The leads give energetic performances, though none of the characters is particularly deep. John C. Reilly shows up to give a quirky performance, and Terry Notary provides the motion-capture bones of Kong's movements. There is plenty of action, and some of the spine ripping and skull dropping pushes the film's rating. This is a different breed of Kong, and he, like the most recent Godzilla, just wants to live in peace. It will be interesting to see how Warner Brothers brings these two beasts together, and a post-credit sequence hints at other films yet to come. Although it is not as memorable or weighty as Jackson's film, Kong: Skull Island is excellent entertainment from a promising young director.
THE 4K ULTRA HD:
Shot digitally and finished at 2K, Kong: Skull Island is presented with a 2160p/HEVC/H.265 transfer at 2.40:1. Although the resolution is upscaled to 4K, this is a handsome transfer than benefits from a stunning HDR pass and the expanded resolution. Viewers may not notice a night and day difference between this 4K image and the Blu-ray's 1080p image, but there are subtle differences. Fine-object detail is often breathtaking, from Kong's fur and facial features, to the textures on costumes, to the jungle landscapes, sand and trees. There are noticeable improvements in this fine-object detail in the 4K image, and facial features are noticeably more lifelike. Colors are breathtaking here thanks to the HDR pass, and this 4K image really highlights the excellent photography and ‘70s color explosion. Contrast is strong and black levels are inky, and I noticed only very minor shimmering on a couple of trees.

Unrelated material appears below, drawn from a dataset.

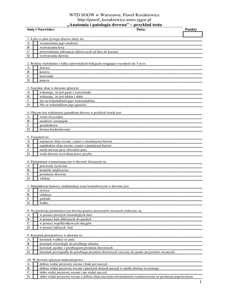 WTD SGGW w Warszawie, Paweł Kozakiewicz http://pawel_kozakiewicz.users.sggw.pl „Anatomia i patologia drewna” – przykład testu Imię i Nazwisko: Data: Punkty 1. Łyko w pniu żywego drzewa służy do: A wzmacniania jego struktury B wytwarzania kory C przewodzenia substancji odżywczych od liści do korzeni D wytwarzania drewna 2. Rośliny wieloletnie o kilku zdrewniałych łodygach osiągające wysokość do 5 m to: A drzewa B krzewy C krzewinki D pnącza 3. Szerokie słoje w drewnie iglastym: A wskazują , że jest gęste i wytrzymałe B wskazują , że jest lekkie i słabe C nie są wskaźnikiem jego wytrzymałości D Nie sa wskaźnikiem jego gęstości 4. Obcym (nie rodzimym) gatunkiem drzewa w polskich lasach jest: A sosna zwyczajna B modrzew europejski C grochodrzew D brzoza brodawkowata 5. Twardziel to: A najstarsze słoje roczne, często o ciemniejszej barwie B najmłodsze słoje roczne, często o jaśniejszej barwie C strefa drewna przy obwodzie pnia D wada drewna wywołana przez grzyby 6. Elementami wzmacniającymi w drewnie liściastym są: A przewody żywiczne B komórki miękiszowe C promienie drzewne D włókna 7. Składnikiem budowy strukturalnej ścian komórkowych w drewnie jest: A żywica B celuloza C garbnik D białko 8. Na przekroju promieniowym drewna granice przyrostów rocznych widoczne są: A w postaci prostych równoległych linii B w postaci linii zbliżonych do parabol C w postaci współśrodkowych okręgów D w postaci falistych linii 9. Kierunek promieniowy w drewnie to: A kierunek wzdłuż osi pnia B kierunek równoległy do przebiegu rdzenia C kierunek zgodny z przebiegiem promieni drzewnych D kierunek prostopadły do przebiegu promieni drzewnych (styczny do granic przyrostów rocznych) 10. W drewnie iglastym makroskopowo: A dobrze widać przyrosty roczne i brak jest naczyń B dobrze widać przyrosty roczne i pierścień dużych naczyń w strefie drewna wczesnego C słabo widać przyrosty roczne i nie widać naczyń D słabo widać przyrosty roczne a dobrze duże naczynia równomiernie rozmieszczone na przekroju poprzecznym 1 WTD SGGW w Warszawie, Paweł Kozakiewicz http://pawel_kozakiewicz.users.sggw.pl 11. Sęki to wady występujące: A tylko w drewnie iglastym B tylko w drewnie liściastym C tylko w drewnie egzotycznym D we wszystkich rodzajach drewna 12. Zaszarzenie to wada drewna wywołana przez: A owady B grzyby C czynniki atmosferyczne D środki impregnacyjne 13. Drewno reakcyjne występujące w drzewach iglastych to: A drewno napięciowe B zakorek C zgnilizna D twardzica 14. Drewno iglaste o zabarwionej twardzieli i szerokim bielu zwierające żywicę to: A jodła B świerk C sosna D modrzew 15. Drewno liściaste pierścieniowo-naczyniowe ze wstążkami w strefie drewna późnego to: A jesion B dąb C wiąz D grochodrzew 16. Do grupy wad budowy anatomicznej drewna należy: A pęknięcie B sinizna C zgnilizna D sęk 17. Strefa drewna bezsęcznego występuje zwykle w: A części czubkowej pnia B strefie korony drzewa C części środkowej pnia D części odziomkowej pnia 18. W tzw. suchym stanie ochronnym znajduje się drewno o wilgotność: A poniżej 20% B od 20 do 80% C od 80 do 100% D powyżej 100% 19. Krzywizna występująca na szerokości tarcicy to: A krzywizna podłużna płaszczyzn B krzywizna podłużna boków C krzywizna poprzeczna płaszczyzn D wichrowatość 20. Typowy układ włókien widoczny na przekroju promieniowym drewna mahoniu to: A układ gniazdowy B układ falisty C układ pasiasty D układ splątany 2

Warner includes a Dolby Atmos soundtrack (which can be downgraded to 7.1 Dolby TrueHD), and, interestingly, a 7.1 DTS-HD Master Audio mix to which the disc defaults. The soundtrack is plum fantastic here, and replicates the theatrical experience. All elements are perfectly balanced, and there are some truly immersive action sequences. Ambient effects, like a storm, jungle noise and wind, surround viewers, and dialogue is crystal clear, whether delivered front and center or directionally. Action effects are bombastic and realistic, and the surrounds and LFE get a heavy workout. The score and musical selections are layered appropriately, and I don't have a single complaint about this mix. French, Spanish and Portuguese 5.1 Dolby Digital dubs are included, as are English SDH, French, Spanish and Portuguese subs.
PACKAGING AND EXTRAS:
This two-disc "combo pack" includes the 4K disc, a Blu-ray and an UltraViolet HD digital copy. The discs are packed in a black eco-case that is wrapped in a slipcover. Both discs offer an Audio Commentary by Director Jordan Vogt-Roberts, and the remaining extras are found on the Blu-ray. You get two featurettes about Kong, Summoning a God (11:39/HD) and Realizing an Icon (12:47/HD); On Location: Vietnam (5:38/HD); Tom Hiddleston: Intrepid Traveler (6:53/HD); Through the Lens: Brie Larson's Photography (2:19/HD); Monarch Files 2.0 (7:58/HD); and four Deleted Scenes (3:45/HD).
This new Kong outing is lean and filled with action, and is a promising addition to the universe Warner Brothers began with 2014's Godzilla remake. Director Jordan Vogt-Roberts leads Tom Hiddleston, Brie Larson, John Goodman and Samuel L. Jackson into battle on Skull Island, and Kong emerges king. The 4K Ultra HD offers a strong picture, excellent soundtrack, and a couple of decent bonus features. Highly Recommended.